Amandemen dan penambahan kerangka hukum yang tepat waktu serta kelancaran operasional pemerintahan digital telah mendorong perkembangan ekonomi swasta sesuai dengan Resolusi No. 68-NQ/TW. Pada tahun 2025, provinsi ini diharapkan memiliki 4.546 bisnis baru yang didirikan, meningkat 44,2% dibandingkan periode yang sama, dan hampir 1.000 bisnis yang kembali beroperasi, meningkat 22% dibandingkan tahun 2024. Saat ini, provinsi ini memiliki hampir 42.000 bisnis; 17 kawasan industri beroperasi dengan tingkat hunian 49%; dan 67 klaster industri telah didirikan, dengan 35 di antaranya saat ini beroperasi.
Tahun 2025 juga menandai terobosan bagi Phu Tho dalam integrasi internasional. Pada pertemuan bertema "Phu Tho – Konvergensi, Kerja Sama, dan Pembangunan" yang diadakan pada tanggal 12 Desember, Ketua Komite Rakyat Provinsi Tran Duy Dong menyatakan: Mewarisi dan mengembangkan prestasi dari tiga provinsi sebelumnya, provinsi Phu Tho yang baru telah mencapai hasil positif dalam urusan luar negeri. Hingga saat ini, provinsi ini telah menjalin hubungan kerja sama dengan 21 daerah di Laos, Jepang, Korea Selatan, Tiongkok, Italia, Bulgaria, Kuba, dan Mongolia, dengan 15 perjanjian kerja sama internasional.
Dapat ditegaskan bahwa dengan kerangka hukum yang disederhanakan; ilmu pengetahuan dan teknologi serta transformasi digital sebagai kekuatan pendorong; sektor swasta yang memainkan peran kunci; dan integrasi internasional yang semakin mendalam, "empat pilar" tersebut menciptakan kekuatan sinergis bagi Phu Tho dalam fase pembangunan barunya. Berdasarkan fondasi sejarah dan budaya tanah leluhur, dengan visi strategis dan pendekatan yang tegas dan sistematis, Phu Tho tidak hanya menegaskan posisi terdepannya di wilayah tengah utara dan pegunungan, tetapi juga secara bertahap membentuk dirinya menjadi pusat pertumbuhan yang dinamis, modern, dan berkelanjutan. Ini adalah dorongan baru bagi tanah leluhur untuk dengan percaya diri memasuki era kemajuan nasional, memberikan kontribusi yang berharga bagi tujuan pembangunan keseluruhan negara.

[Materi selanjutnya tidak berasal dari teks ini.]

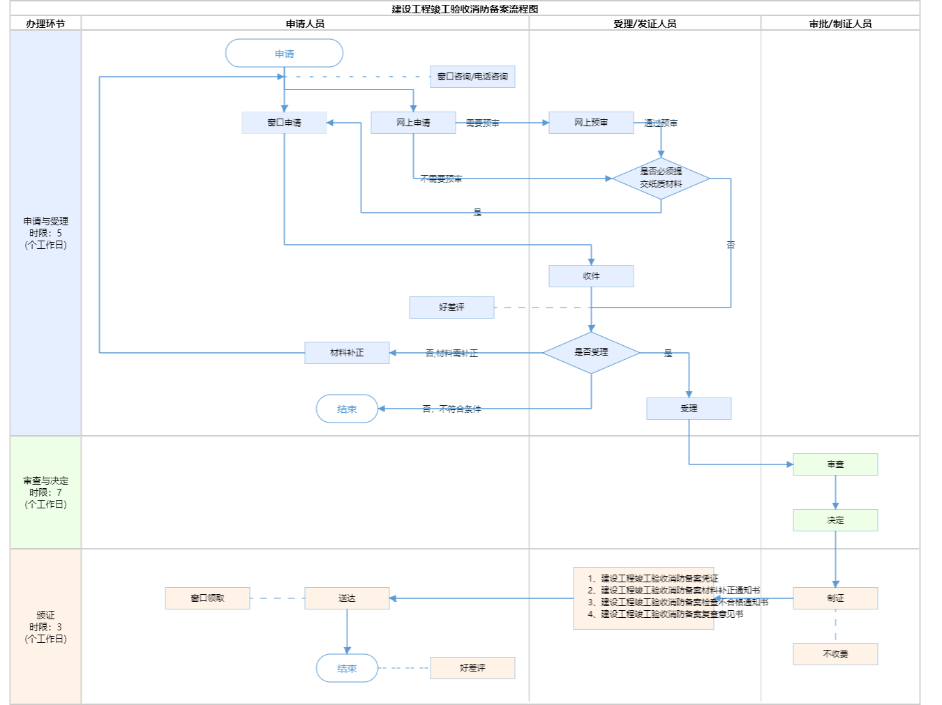 办件承诺办结时限说明:依法需要听证、检验、检测、鉴定的,需要协调消防车等大型救援设备开展现场检查的,所需时间不计算在内。对于重大、复杂的工程,消防验收办结时限按照国家法定时限执行。告知承诺办结时限为0.5个工作日。(承诺时限为办理流程中“审查与决定”环节的计时时限)

Tahun 2025 menandai tahun pertumbuhan signifikan bagi industri pariwisata Phu Tho dalam konteks pembangunan baru. Menurut laporan Departemen Kebudayaan, Olahraga, dan Pariwisata, provinsi ini diperkirakan akan menyambut sekitar 14,5 juta pengunjung, termasuk 676.000 wisatawan internasional; jumlah kunjungan menginap diproyeksikan mencapai hampir 4,6 juta. Total pendapatan pariwisata diperkirakan mencapai 14.800 miliar VND. |
Ngoc Tuan
Sumber: https://baophutho.vn/dong-luc-moi-tu-bo-tu-tru-cot-245323.htm






Komentar (0)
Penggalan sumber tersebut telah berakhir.